What Agentic Coding Still Misses #
But agentic coding has structural limitations for enterprise data work:
- No Formal Specs — The agent inferred requirements by reading docs it found. If the docs are wrong or absent, the agent builds the wrong thing.
- No Quality Gates — The agent validates against its own tests. There is no independent critic. Self-assessment is unreliable.
- No Governance — No data classification, no access control audit, no GDPR compliance check. The agent does not know about regulatory requirements.
- No Accountability — If the model fails in production, there is no RACI trace. Who decided the churn definition? The agent. Who approved the model? The agent. Who tested it? The agent.
- No Domain Knowledge — The agent starts fresh every time. It does not know that SimShop's CRM data has NULL customer_ids, or that November-December orders are seasonal.
- No Lifecycle Awareness — The agent built and trained a model. It did not set up drift monitoring, canary deployment, or retraining triggers. It solved a task, not a lifecycle.

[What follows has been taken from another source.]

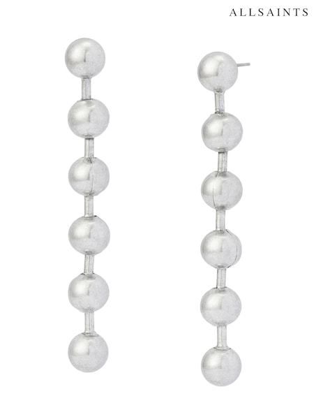 AllSaints Silver Tone Ball Chain Linear Statement Earrings

- The Self-Validation Problem. When the same entity that builds the system also tests the system, the tests are biased toward what was built rather than what was specified. This is why every engineering discipline separates construction from inspection. Agentic coding collapses this separation.
Paradigm 3: Spec-Driven Development #
What It Is #
Spec-driven development, as implemented in Neam, introduces a fundamentally different workflow:
- Humans encode expertise in structured specifications -- business requirements, acceptance criteria, domain knowledge (Agent.MD), quality gates, and governance policies
- Specialist agents execute within the boundaries defined by those specifications
- Independent agents validate results against the original specifications
- Full traceability connects every artifact to the business need that motivated it
The specifications are not prompts. They are machine-readable, compiler-validated declarations that agents reason about, not just text that agents interpret.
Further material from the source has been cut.